It is a salient feature of the great jihāds of the western Sudan that the leadership for these wars of religious fervour should have sprung forth from a single source, the Torodbe clerisy. It was the Torodbe ʿulamā’ who sustained the jihāds in Futas Bundu, Toro and Jallon in the seventeenth and eighteenth centuries and prefigured the jihāds of Usumān dan Fodio and al-Hājj ʿUmar b. Saʿīd, perhaps the most illustrious leaders thrown up by Torodbe Islam.
We have long viewed these Islamic revolutions as ‘Fulani jihads’—as consummate examples of the way in which ‘Fulani’ skilfully orchestrated the people in favour of their own views. But it would now appear that those Muslims we have been calling ‘Fulani’ deserved this designation in language and culture only—that they were drawn from diverse strains of Sūdānī society—that Turudiyya suggests a métier and not an ethnic category.
The Torodbe clerisy evolved out of that mass of rootless peoples who perceived in Islam a source of cultural identity. Bound in a new persuasion—linked by a common oppression—they shook the sense of ethnic difference and sought to stimulate a counter trend of a levelling nature. Yet, having habitually recruited from all levels, and most notably from the submerged levels of society, the Turudiyya became an increasingly closed world, discoloured of their levelling intentions. This tendency was manifest in Futas Toro and Bundu especially. In these new communities, the Turudiyya took shape as a hereditary ruling class—succession to the imāmiyya became the special preserve of a select few families.
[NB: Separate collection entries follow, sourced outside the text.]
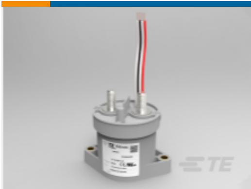
TE Part # 1618416-9 EV210GXANA 1000V 24-48VDC COIL NC AUX
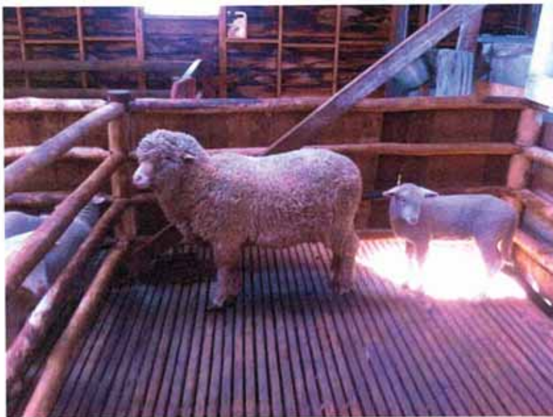
Fig 9. A Merino ewe with her merinoxwhite suffolk lamb

A visit to Evandale estate showed the difficulties of sheep production in this area for both meat and wool. Evandale is owned by a Sydney based businessman with a farm manager left on site to run the 600ha carrying 600 Merino cross ewes and 100 Angus cows crossed to Simmental Bull. Pastures are perennial comprising Cocksfoot ( Dactylis glomerata ), Phalaris sp and subterranean clover ( Trifolium subterraneum ). Approx. 40ha of other forage is planted to supplement spring grazing for freshly calved cows or lambing ewes. This could be Italian ryegrass or triticale.
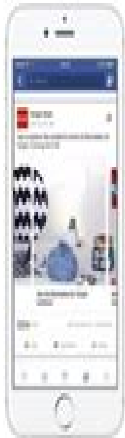
Facebook News Feed (Desktop & Mobile)
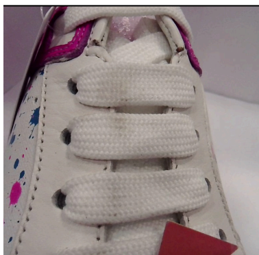
Example for shoes
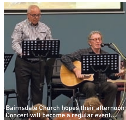
Bairnsdale Church hopes their afternoon Concert will become a regular event...
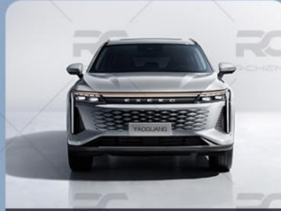
Wide body and hellaflush
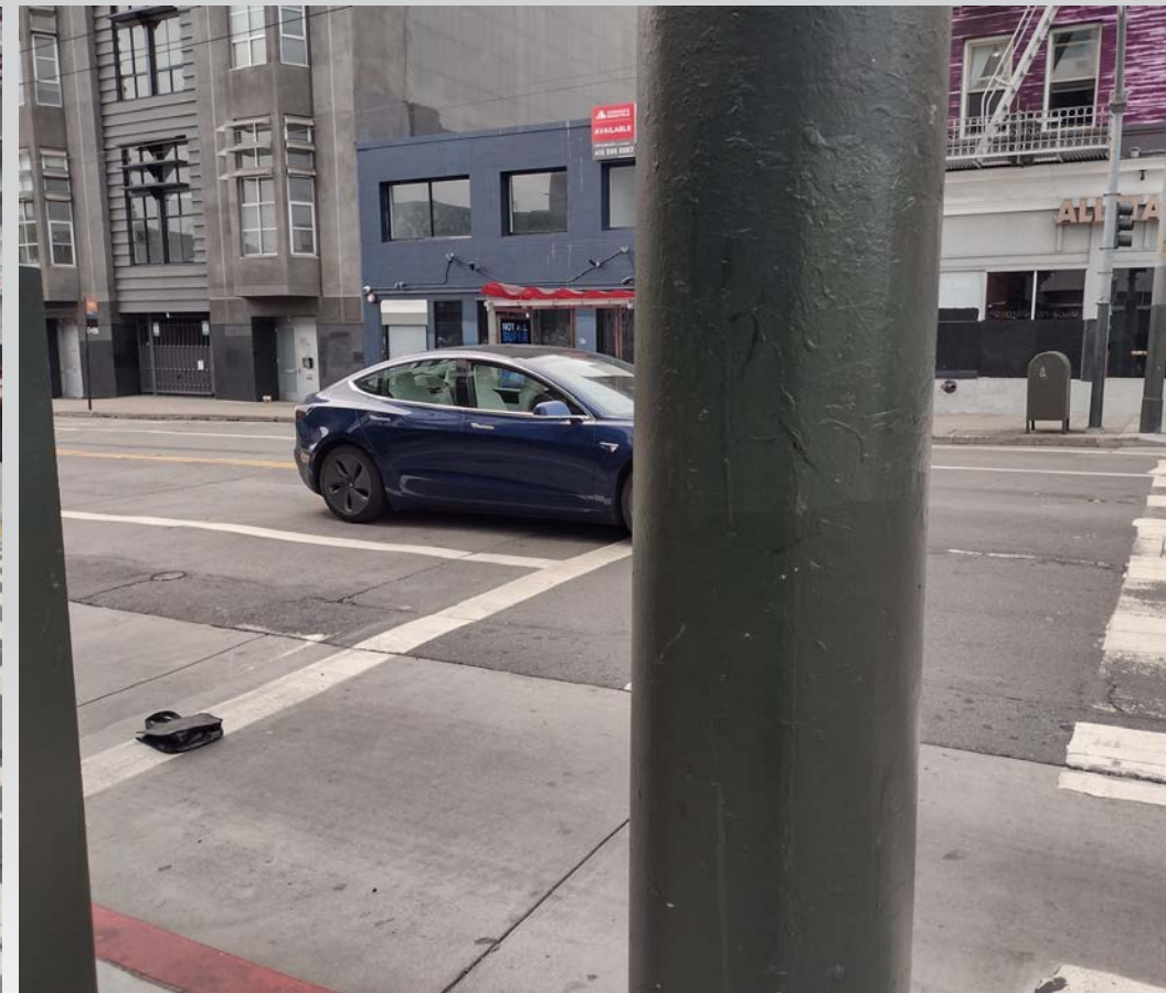
Flyer removal – 1300 Mission Street
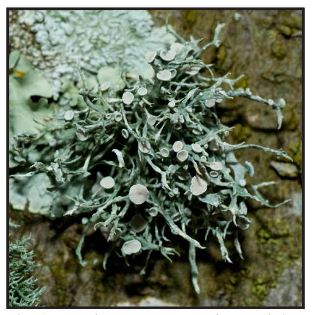
Plate 3 - Ramalina stenospora is a fruticose lichen. It is characterized by the fruiting bodies and raised structure coming off of the substrate.
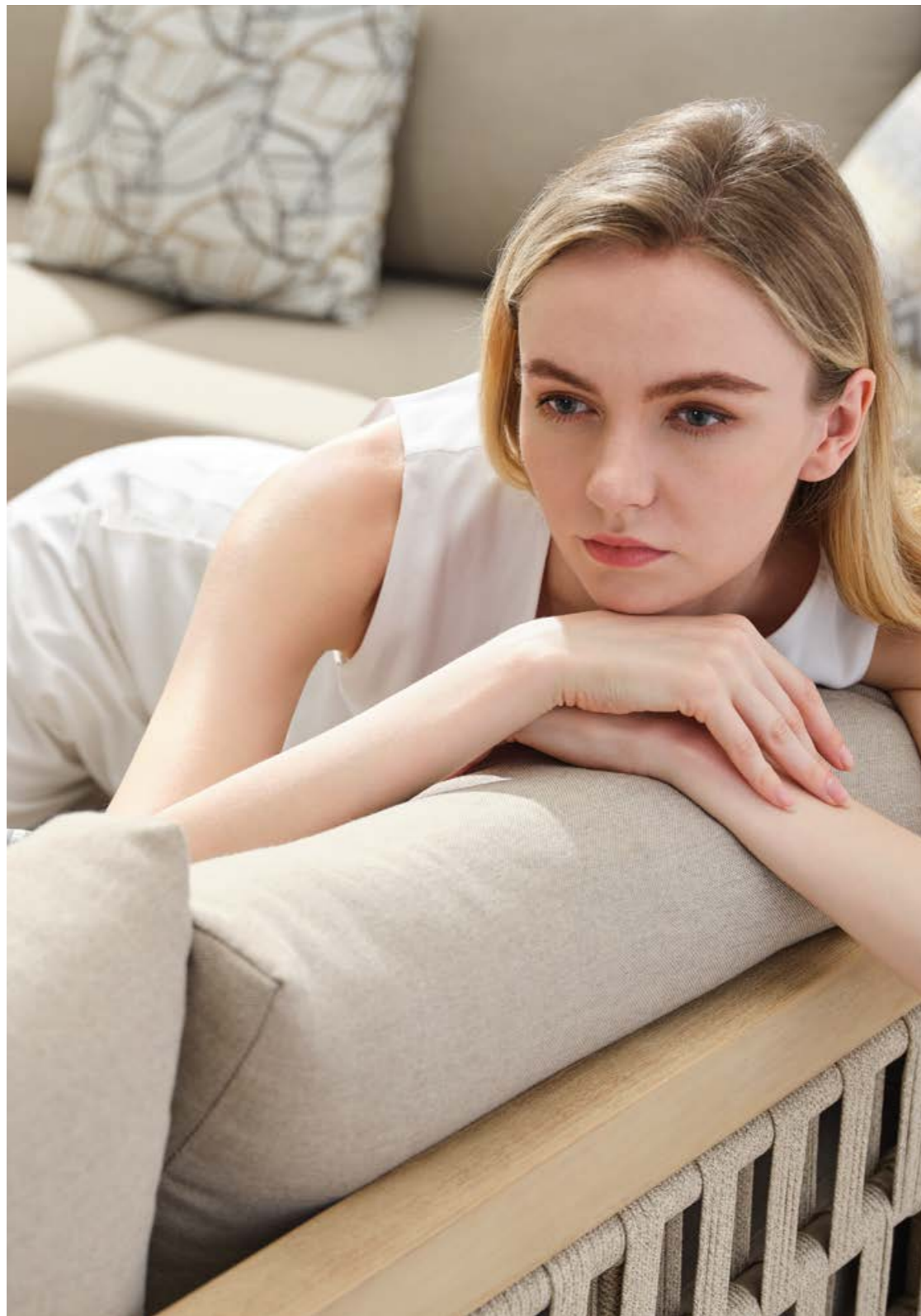
Super thick cushions with high density foams for an extra soft seating experience.

The position of slaves in the new order progressively hardened; the ranks of the Turudiyya remained closed to artisans who continued to pursue their traditional crafts.
The levelling tendency of the Turudiyya movement seems to have reached its apogee in the ʿUmarian Jamāʿa. Though it is said that al-Hājj ʿUmar b. Saʿid did not extend freedom to his slaves, the ties of Islam and the community of faith came to supplant the old threads of allegiance. Among believers, superiority in the faith or stricter observance of its precepts presented a new passport to honoured status.